### GOAL OF THE EXERCISE:
Copy every entry exactly as given, minus the images.

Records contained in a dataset
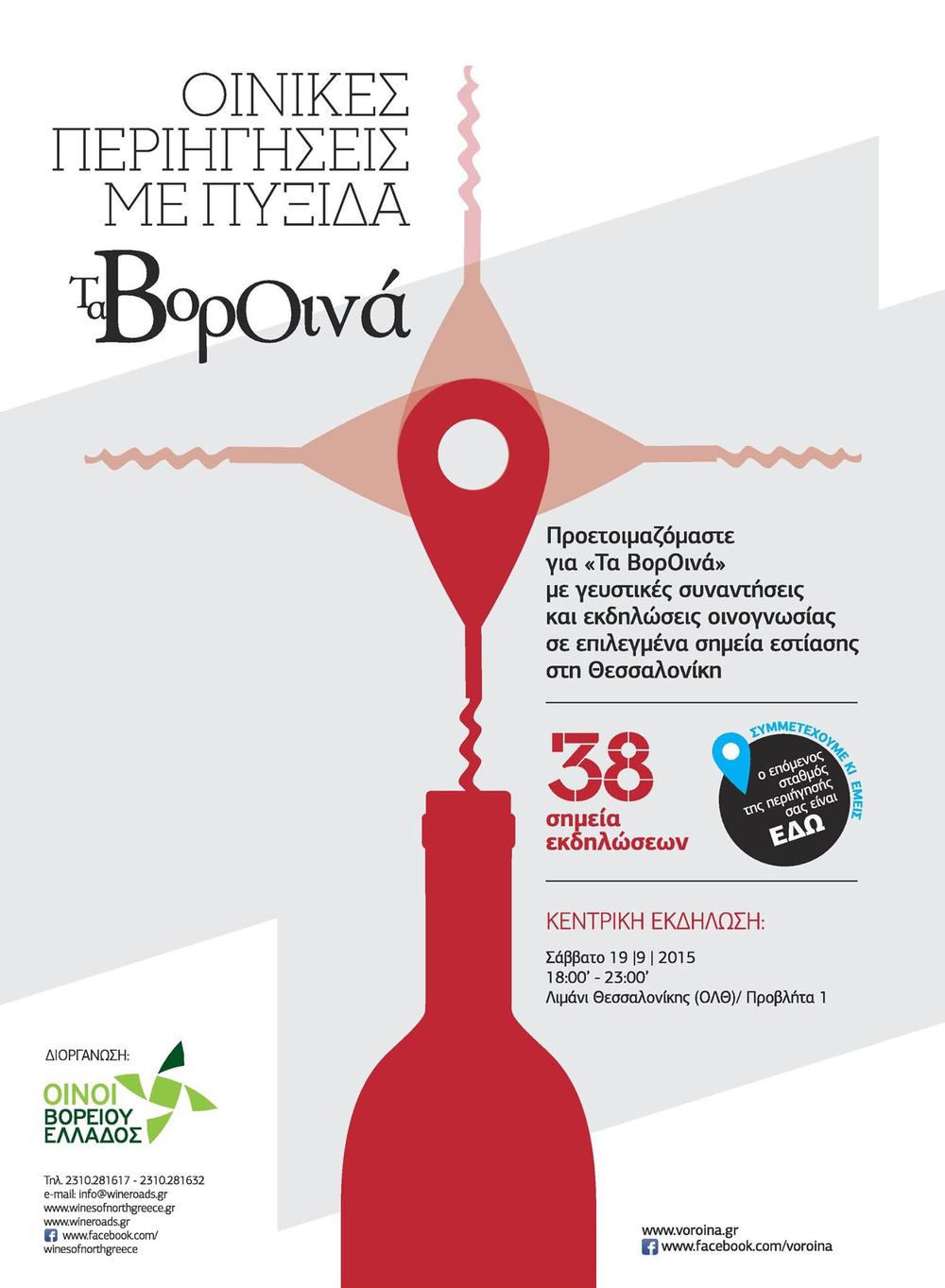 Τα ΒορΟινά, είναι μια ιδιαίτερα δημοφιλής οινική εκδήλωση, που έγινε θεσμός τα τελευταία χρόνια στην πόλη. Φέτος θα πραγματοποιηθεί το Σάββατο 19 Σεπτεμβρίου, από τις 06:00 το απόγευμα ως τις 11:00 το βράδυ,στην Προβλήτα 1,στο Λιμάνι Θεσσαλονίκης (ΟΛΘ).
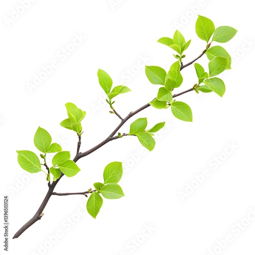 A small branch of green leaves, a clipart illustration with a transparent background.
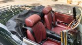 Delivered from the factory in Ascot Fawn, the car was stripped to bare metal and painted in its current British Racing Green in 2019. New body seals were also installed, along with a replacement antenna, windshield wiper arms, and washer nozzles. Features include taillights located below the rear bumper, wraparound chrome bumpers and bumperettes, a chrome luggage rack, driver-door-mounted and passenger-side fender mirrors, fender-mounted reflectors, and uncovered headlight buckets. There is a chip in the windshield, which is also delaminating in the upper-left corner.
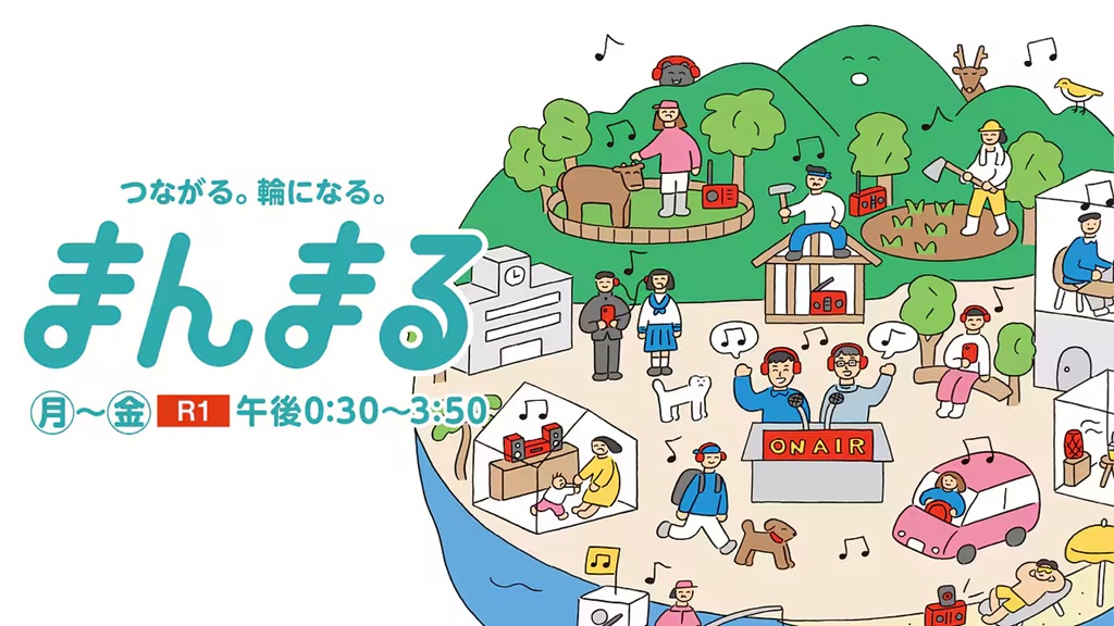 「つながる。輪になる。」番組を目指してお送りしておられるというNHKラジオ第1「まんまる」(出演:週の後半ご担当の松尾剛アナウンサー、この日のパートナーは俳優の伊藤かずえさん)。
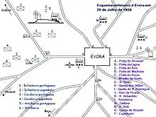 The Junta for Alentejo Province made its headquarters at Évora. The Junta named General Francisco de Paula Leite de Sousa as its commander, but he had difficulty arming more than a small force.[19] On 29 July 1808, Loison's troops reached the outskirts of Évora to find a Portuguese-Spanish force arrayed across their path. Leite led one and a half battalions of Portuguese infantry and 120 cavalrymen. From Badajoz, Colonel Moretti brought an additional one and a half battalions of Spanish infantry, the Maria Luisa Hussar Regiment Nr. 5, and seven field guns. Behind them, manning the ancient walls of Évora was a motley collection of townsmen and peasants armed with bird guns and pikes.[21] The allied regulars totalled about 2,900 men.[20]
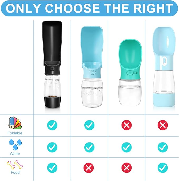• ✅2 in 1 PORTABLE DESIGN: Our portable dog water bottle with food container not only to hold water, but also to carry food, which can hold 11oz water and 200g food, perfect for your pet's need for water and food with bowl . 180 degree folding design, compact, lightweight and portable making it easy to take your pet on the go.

### ANSWER:
 Τα ΒορΟινά, είναι μια ιδιαίτερα δημοφιλής οινική εκδήλωση, που έγινε θεσμός τα τελευταία χρόνια στην πόλη. Φέτος θα πραγματοποιηθεί το Σάββατο 19 Σεπτεμβρίου, από τις 06:00 το απόγευμα ως τις 11:00 το βράδυ,στην Προβλήτα 1,στο Λιμάνι Θεσσαλονίκης (ΟΛΘ).
 A small branch of green leaves, a clipart illustration with a transparent background.
 Delivered from the factory in Ascot Fawn, the car was stripped to bare metal and painted in its current British Racing Green in 2019. New body seals were also installed, along with a replacement antenna, windshield wiper arms, and washer nozzles. Features include taillights located below the rear bumper, wraparound chrome bumpers and bumperettes, a chrome luggage rack, driver-door-mounted and passenger-side fender mirrors, fender-mounted reflectors, and uncovered headlight buckets. There is a chip in the windshield, which is also delaminating in the upper-left corner.
 「つながる。輪になる。」番組を目指してお送りしておられるというNHKラジオ第1「まんまる」(出演:週の後半ご担当の松尾剛アナウンサー、この日のパートナーは俳優の伊藤かずえさん)。
 The Junta for Alentejo Province made its headquarters at Évora. The Junta named General Francisco de Paula Leite de Sousa as its commander, but he had difficulty arming more than a small force.[19] On 29 July 1808, Loison's troops reached the outskirts of Évora to find a Portuguese-Spanish force arrayed across their path. Leite led one and a half battalions of Portuguese infantry and 120 cavalrymen. From Badajoz, Colonel Moretti brought an additional one and a half battalions of Spanish infantry, the Maria Luisa Hussar Regiment Nr. 5, and seven field guns. Behind them, manning the ancient walls of Évora was a motley collection of townsmen and peasants armed with bird guns and pikes.[21] The allied regulars totalled about 2,900 men.[20]
• ✅2 in 1 PORTABLE DESIGN: Our portable dog water bottle with food container not only to hold water, but also to carry food, which can hold 11oz water and 200g food, perfect for your pet's need for water and food with bowl . 180 degree folding design, compact, lightweight and portable making it easy to take your pet on the go.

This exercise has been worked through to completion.